Treasury Secretary Timothy Geithner on Wednesday repeated his call for Congress to pass financial reform legislation that curbs risk-taking by big financial firms and ensures they can absorb their own losses.

Geithner, in prepared testimony on the Obama administration's fiscal 2011 budget plan that was identical to earlier written remarks, told the House of Representatives Budget Committee that comprehensive reforms were needed to ensure growth and ensure Americans' financial safety.

We need a financial system that is safer, in which financial firms, especially large ones, have more capital to absorb their own losses and cannot take risks that threaten the whole economy, Geithner said. Consumers need to be given the information they require to make the decisions that are right for them and they need to be protected from unfair and fraudulent practices.

He added that the government needs to have the authority that it did not have during the financial crisis to break apart and unwind failing firms in ways that limit damage to the system as a whole.

But his testimony did not provide any specifics on the mechanisms for providing such protections.
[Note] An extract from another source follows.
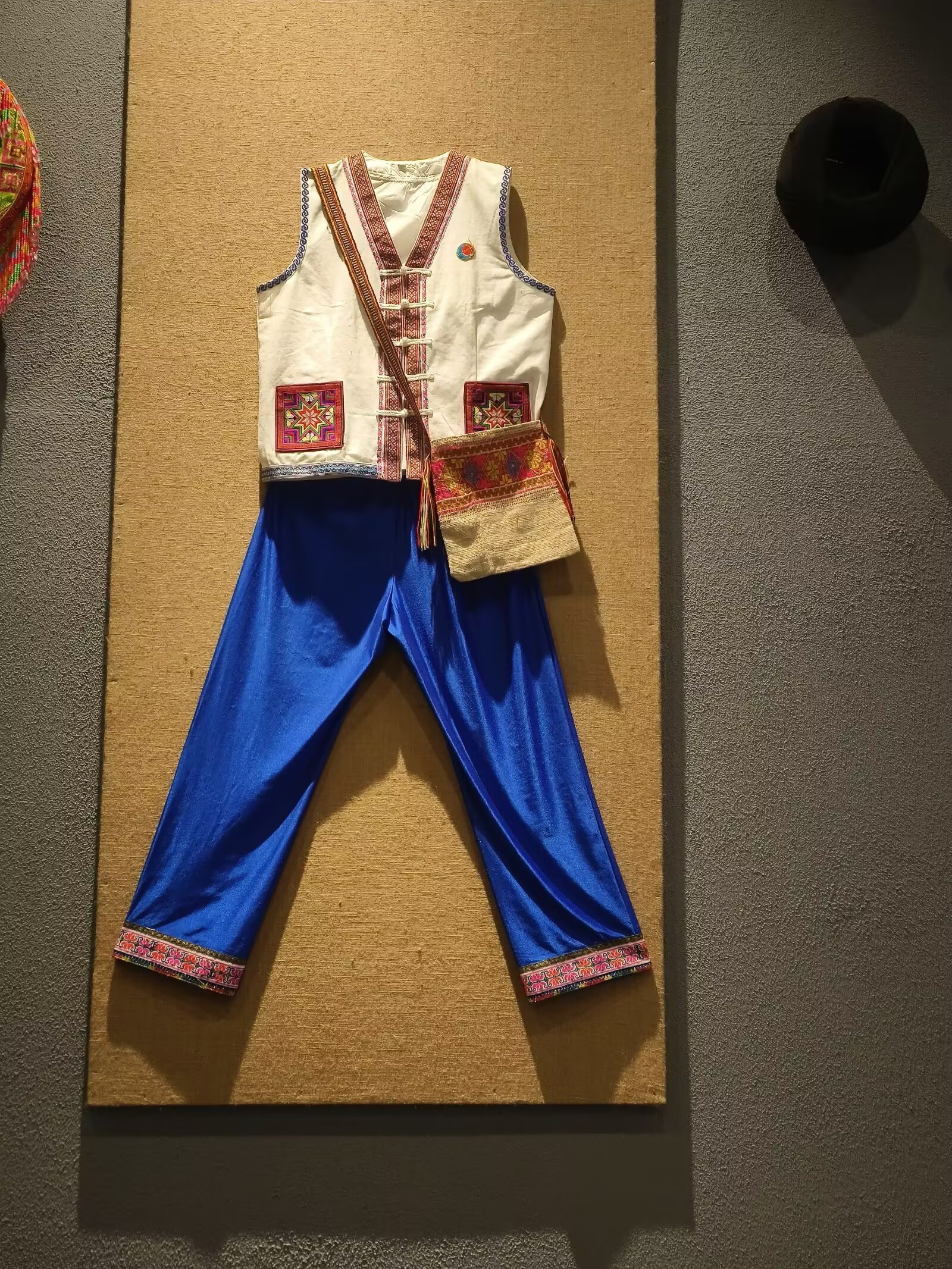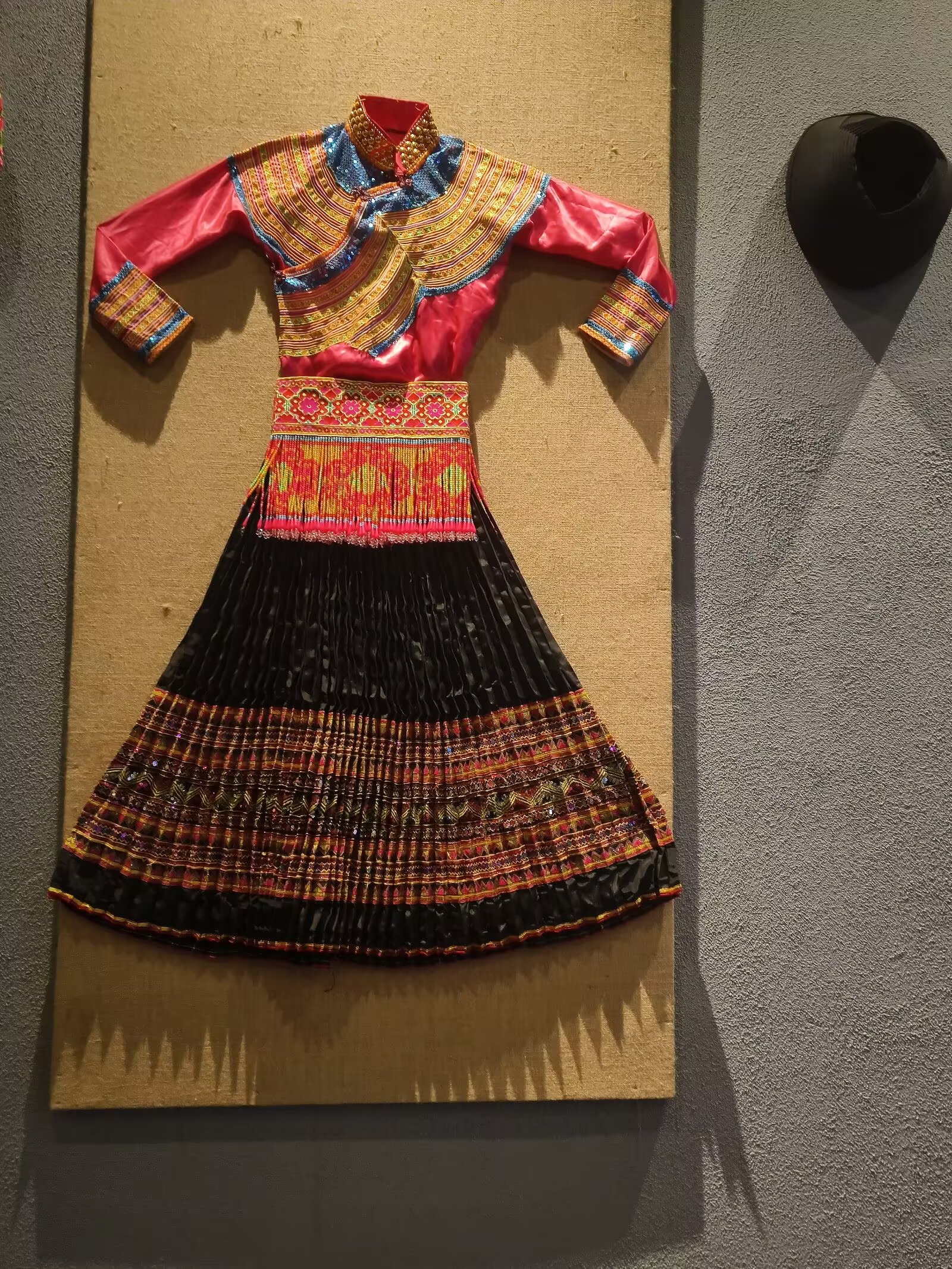 踏入新山傈僳族民俗博物馆,傈僳服饰如“活态文化史”铺展:男装以黑为底,马褂样式搭配蓝黑包头,利落中藏着山地劳作智慧;女装裙裾层叠,浓艳色彩间,几何纹与山水、太阳图腾交织,诉说对自然的敬畏与迁徙记忆。团队成员们驻足凝视粗麻面料的质朴、银饰的华丽。更在试穿体验中切身感受“服饰是民族文化载体”的深意——每道纹路、每件配饰,都藏着世代传承的故事。

Geithner is scheduled to meet later on Wednesday with U.S. senators Christopher Dodd, the Connecticut Democrat who heads the Senate Banking Committee, and Republican Bob Corker, who has taken a lead role in negotiations on a Senate financial reform bill, to hash out details of the bill.

Key sticking points are Republican opposition to curbs on proprietary trading by Wall Street banks and to the creation of a new consumer financial protection agency.